LogoFDA 510(k) Search
K Number
K022765
Device Name
NITRILE POWDER-FREE EXAMINATION GLOVES
Manufacturer
ALLEGIANCE HEALTHCARE CORP.
Date Cleared
2002-10-11

(52 days)

Product Code
LZA
Regulation Number
880.6250
Type
Traditional
Panel
General Hospital
Reference & Predicate Devices
N/A
Predicate For
K102189,K103249,K110921
AI/MLSaMDIVD (In Vitro Diagnostic)TherapeuticDiagnosticis PCCP AuthorizedThirdpartyExpeditedreview
Intended Use

A patient examination glove is a disposable device intended for medical purposes that is worn on the examiner's hand or finger to prevent contamination between patient and examiner. In addition, these gloves are worn to protect the wearer against exposure to chemotherapy drugs.

Device Description

Nitrile Powder-Free Examination Gloves are formulated using nitrile and offered powder-free.

AI/ML Overview

This document describes the safety and effectiveness of "Nitrile Powder-Free Examination Gloves" and does not relate to artificial intelligence or machine learning devices. Therefore, most of the requested information (e.g., sample sizes for test and training sets, expert qualifications, MRMC studies, standalone algorithm performance, adjudication methods, details about AI-related ground truth) is not applicable to this submission.

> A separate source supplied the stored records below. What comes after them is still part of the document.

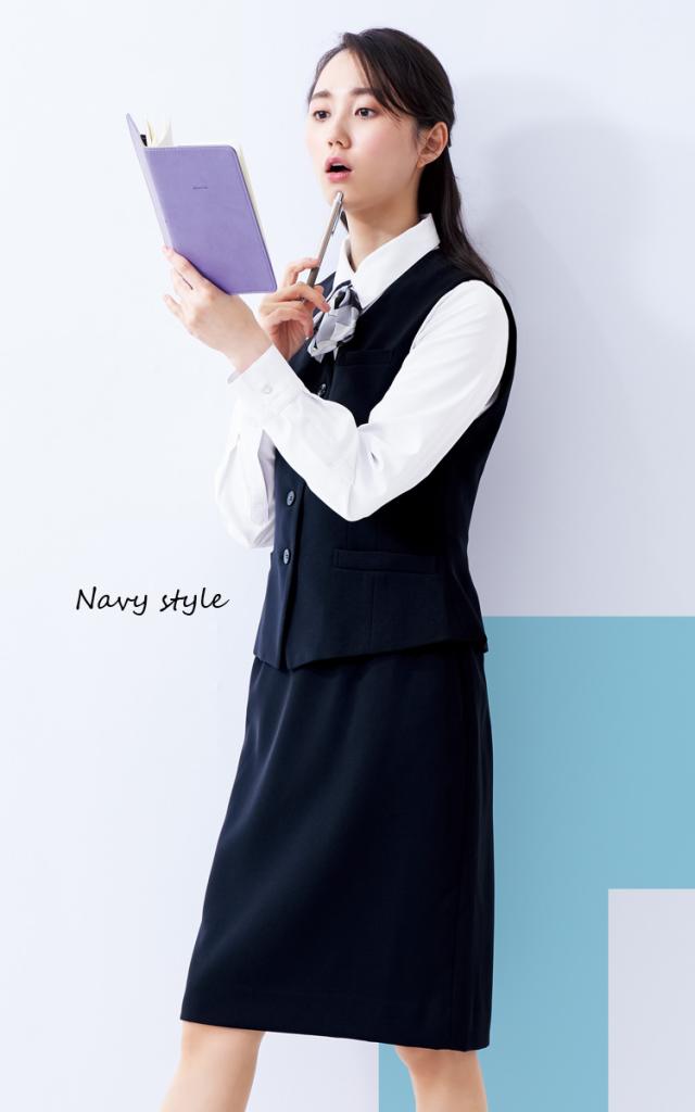 FOLK NUOVOSV3005/SC5000 美シルエットベスト/ラップキュロットスカート/ベーシック シンプルシルエット オールシーズン シワになりにくいストレッチ素材/ホームクリーニング/事務服オフィス制服/総裏/ブラック黒/ネイビー濃紺
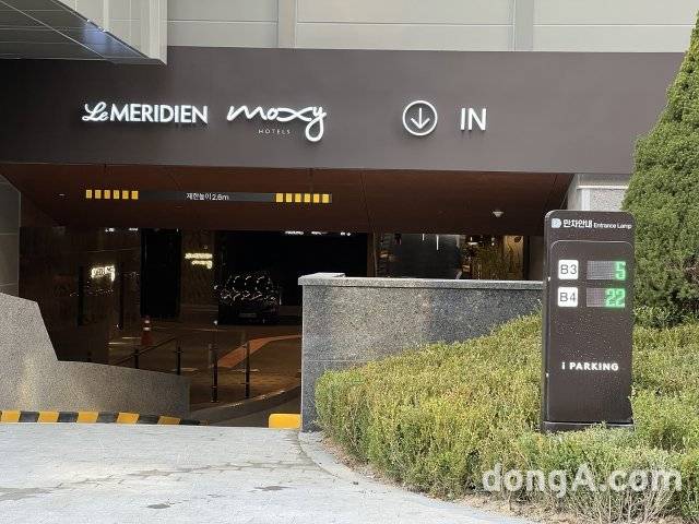 주변 거리는 다소 비좁게 느껴진다. 골목길 한 가운데에 커다란 호텔 새 건물이 들어선 모습이다. 거리를 오가는 사람들이 많아 차를 가져가면 주의해야 한다. 건물 규모에 비해 간판이 작아 대충 보면 이 건물이 호텔이라는 생각이 들지 않는다. 호텔 정문은 아직 공개하지 않았다. 오픈에 맞춰 공개 예정이라고 한다. 주차장은 지하에 마련됐다. 발렛 파킹존이 반지하 공간처럼 있다. 공간이 넓지 않아 한꺼번에 많은 차를 수용할 경우 주차장 입구가 막힐 수 있다. 주차장 입구는 경사가 있어 지상고가 낮은 차는 진입이 어려울 수 있다. 일반 세단 승용차도 천천히 진입할 것을 권장한다. 주차장은 100대 규모라고 한다. 객실(총 405실)에 비해 작지만 바로 옆 중앙우체국 주차장을 이용할 수 있도록 했다. 중앙우체국과 협약을 맺었다고 한다.
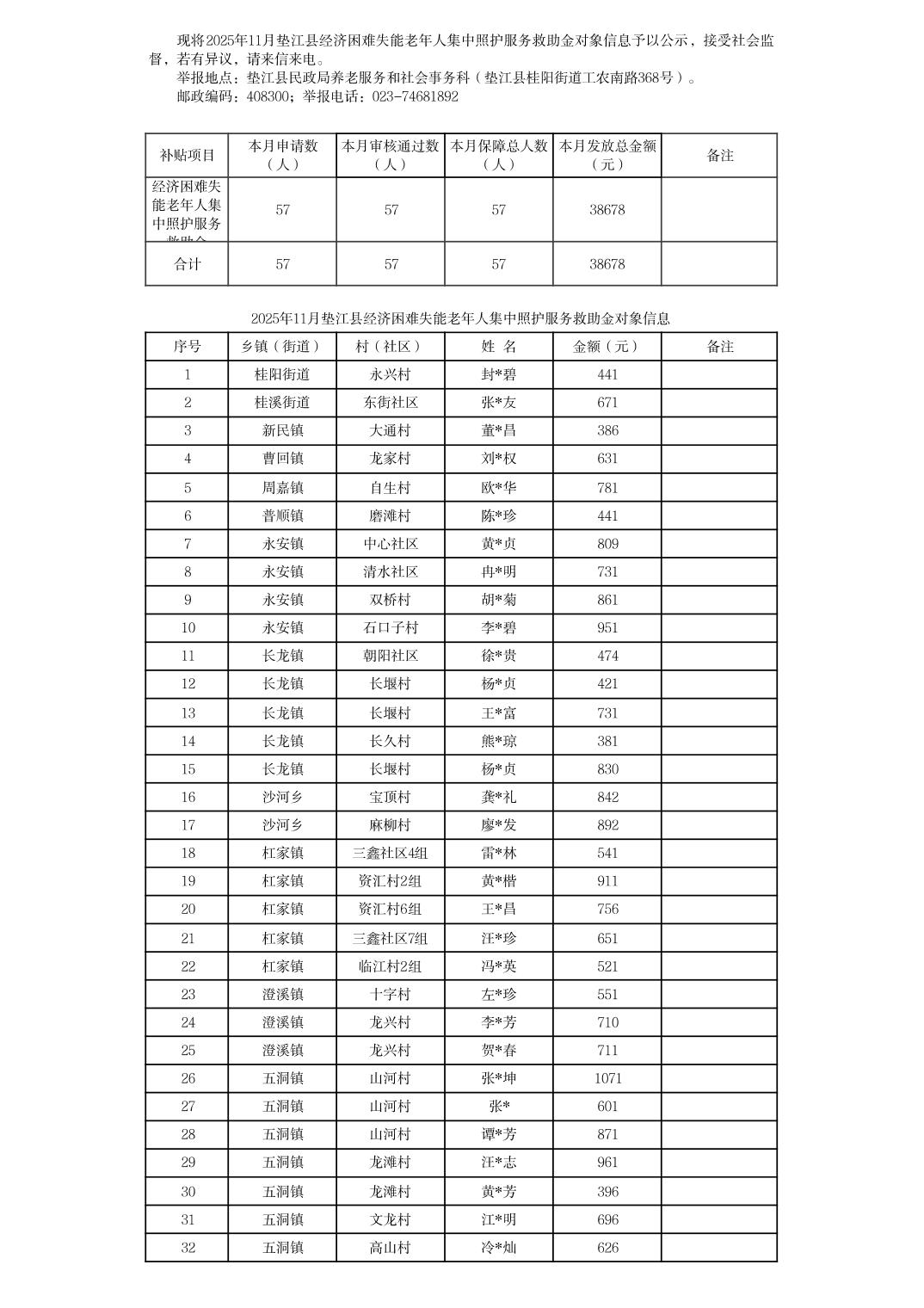 2025年11月垫江县经济困难失能老年人集中照护服务救助金对象信息

However, I can extract and present the information that is relevant to the acceptance criteria and the summary of testing for these medical gloves.

Acceptance Criteria and Device Performance for Nitrile Powder-Free Examination Gloves

1. Table of Acceptance Criteria and Reported Device Performance:

TestAcceptance CriteriaReported Device Performance
Primary Skin IrritationNot explicitly stated, but implied as "no irritation"Gloves show no irritation.
Guinea Pig MaximizationNot explicitly stated, but implied as "no potential for irritation"Gloves do not display any potential for irritation.
Tensile StrengthMeet or exceed requirements per ASTM D6319-00aGloves meet or exceed requirements per ASTM D6319-00a.
Barrier DefectsMeet or exceed requirements per 21 CFR§800.20 and ASTM D6319-00aGloves meet or exceed requirements per 21 CFR§800.20 and ASTM D6319-00a.

2. Sample size used for the test set and the data provenance (e.g. country of origin of the data, retrospective or prospective):

  • Sample Size: Not specified in the provided document for any of the tests.
  • Data Provenance: Not specified. Standard practice for these tests is typically prospective testing of manufactured batches.

3. Number of experts used to establish the ground truth for the test set and the qualifications of those experts (e.g. radiologist with 10 years of experience):

  • Not applicable as this is not an AI/ML device requiring expert ground truth for interpretation of complex data. The "ground truth" for glove performance tests is determined by standardized physical and biological testing methodologies.

4. Adjudication method (e.g. 2+1, 3+1, none) for the test set:

  • Not applicable. These are laboratory tests with objective outcomes based on established standards, not subjective interpretations requiring adjudication.

5. If a multi reader multi case (MRMC) comparative effectiveness study was done, If so, what was the effect size of how much human readers improve with AI vs without AI assistance:

  • Not applicable. This is not an AI/ML device.

6. If a standalone (i.e. algorithm only without human-in-the-loop performance) was done:

  • Not applicable. This is not an AI/ML device.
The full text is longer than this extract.